● **About this exercise**
All pictures must be left out as you transcribe the lines from the first line of the data to the line containing "Kunstpostkarte zu den", both included.

--- START ---

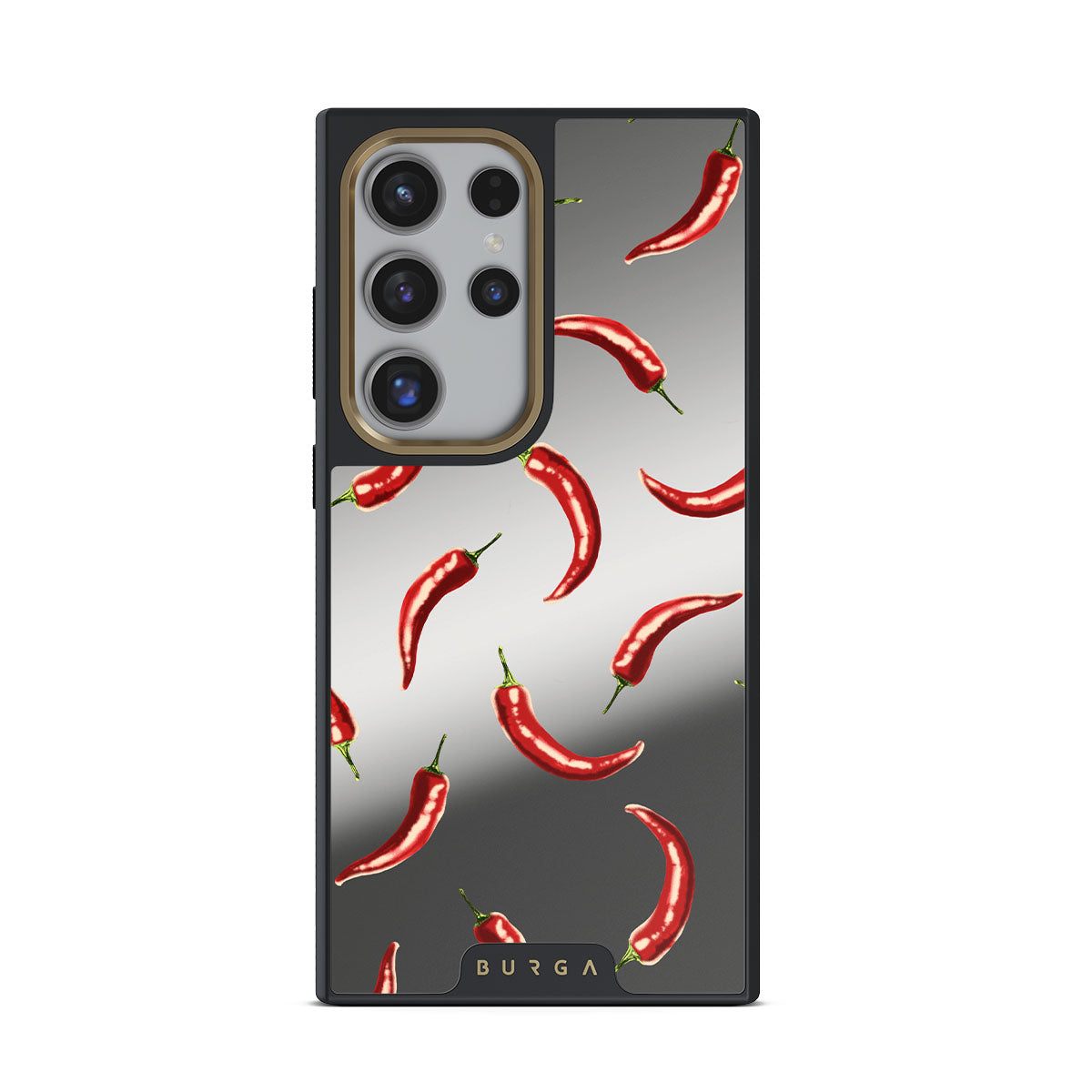 このデザインの特徴チリペッパー、スパイシーフード、赤いペッパー、ミラーが含まれています
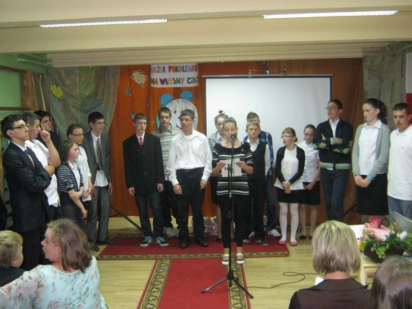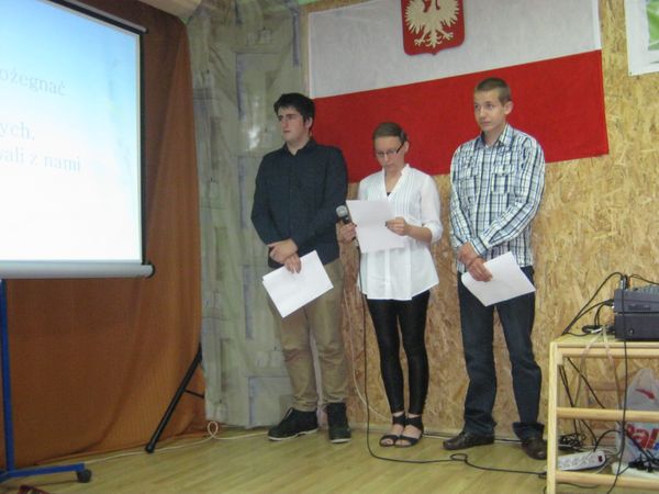 No to skąd smutek w takim dniu? Ponieważ żegnamy dzisiaj naszych najstarszych kolegów i koleżanki z klasy III gimnazjum. Byli z nami wiele wiele lat, a teraz po raz ostatni przyszli, by się z nami pożegnać i rozpocząć nową drogę w życiu. Marysiu, Magdo, Jarku, Konradzie, Kamilu, Przemku, Mariuszu, Kamilu, Szymku, Januszu obiecujemy: bedziemy o Was pamiętać! Życzymy Wam szczęścia i sukcesów w nowych szkołach i w dorosłym życiu. I Wy też wspominajcie tylko najpiękniejsze chwile, spędzone w naszej szkole.
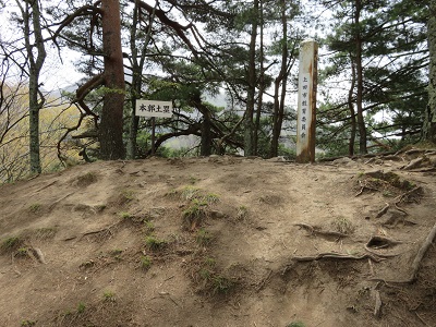 JUGEMテーマ:大河ドラマ 本城跡を進んで行きます。 案内板が見えてきました。 高さ2mの土塁に突き当たります。 桜の下にベンチがあります。 ここから急な山道になります。 土塁の横を通って本郭へ。 左側が怖い(*_*; 木の根に足をかけながら登ります。(^_^;)
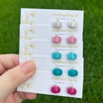 Clay Earring Care: Polymer clay is durable for everyday wear, but please handle your jewelry with care. Please don't bend your earrings, if enough pressure is put on the earrings they will break.
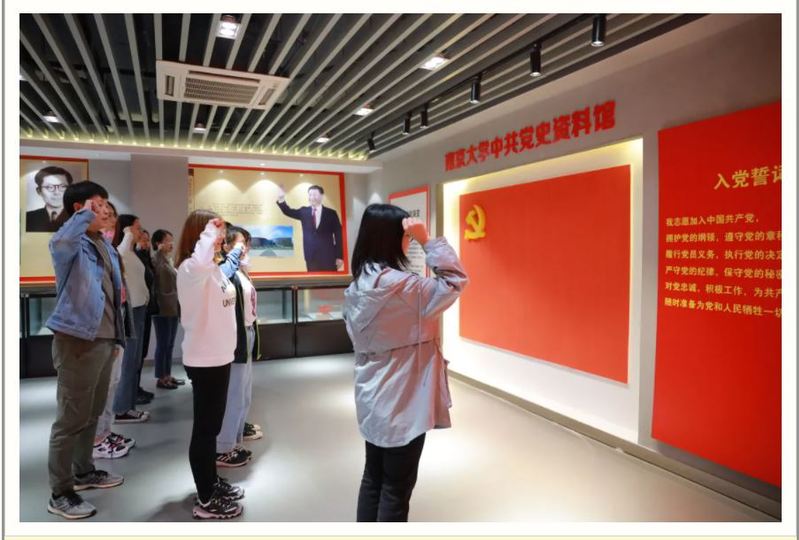 生动而有趣的参观结束后,周围老师对本次参观活动进行总结,支部党员和入党积极分子共同合影留念。合影后,全体在场党员在鲜红的党旗下重温入党誓词,2138cc太阳集团官网入口20级研究生蔡喆同学领誓。党员同志们在仪式中重温了入党宣誓时的庄严承诺和坚定决心,再一次体会到了作为一名共产党员的责任感和使命感。
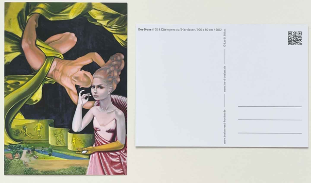 Kunstpostkarte zu den Werken Lee D. Böhms - hier "Der Kuss" / Eitempera & Öl auf Hartfaser / 100 x 80 cm / 2012
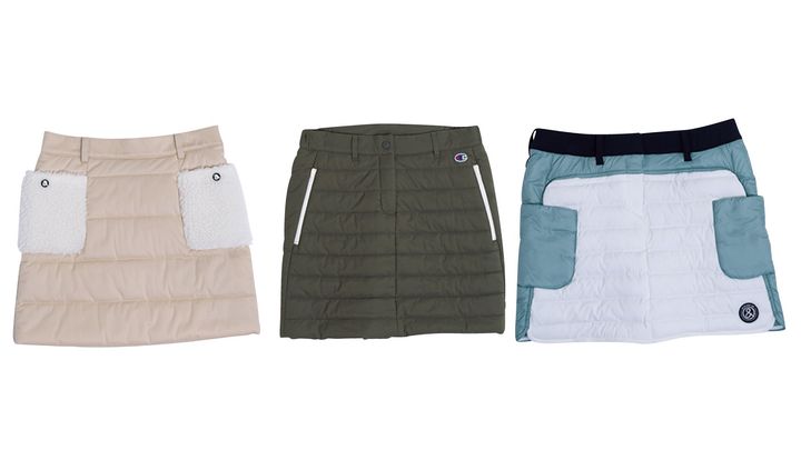スカート〈ベージュ〉¥36,300(アルチビオ/ビキジャパン) 〈カーキ〉¥12,980(チャンピオン/ヘインズブランズ ジャパン カスタマーセンター) 〈ミントグリーン〉¥20,900(アンパスィ/ブラックアンドホワイトスポーツウェア)

--- END ---

● **Response to this task**
 このデザインの特徴チリペッパー、スパイシーフード、赤いペッパー、ミラーが含まれています
 No to skąd smutek w takim dniu? Ponieważ żegnamy dzisiaj naszych najstarszych kolegów i koleżanki z klasy III gimnazjum. Byli z nami wiele wiele lat, a teraz po raz ostatni przyszli, by się z nami pożegnać i rozpocząć nową drogę w życiu. Marysiu, Magdo, Jarku, Konradzie, Kamilu, Przemku, Mariuszu, Kamilu, Szymku, Januszu obiecujemy: bedziemy o Was pamiętać! Życzymy Wam szczęścia i sukcesów w nowych szkołach i w dorosłym życiu. I Wy też wspominajcie tylko najpiękniejsze chwile, spędzone w naszej szkole.
 JUGEMテーマ:大河ドラマ 本城跡を進んで行きます。 案内板が見えてきました。 高さ2mの土塁に突き当たります。 桜の下にベンチがあります。 ここから急な山道になります。 土塁の横を通って本郭へ。 左側が怖い(*_*; 木の根に足をかけながら登ります。(^_^;)
 Clay Earring Care: Polymer clay is durable for everyday wear, but please handle your jewelry with care. Please don't bend your earrings, if enough pressure is put on the earrings they will break.
 生动而有趣的参观结束后,周围老师对本次参观活动进行总结,支部党员和入党积极分子共同合影留念。合影后,全体在场党员在鲜红的党旗下重温入党誓词,2138cc太阳集团官网入口20级研究生蔡喆同学领誓。党员同志们在仪式中重温了入党宣誓时的庄严承诺和坚定决心,再一次体会到了作为一名共产党员的责任感和使命感。
 Kunstpostkarte zu den Werken Lee D. Böhms - hier "Der Kuss" / Eitempera & Öl auf Hartfaser / 100 x 80 cm / 2012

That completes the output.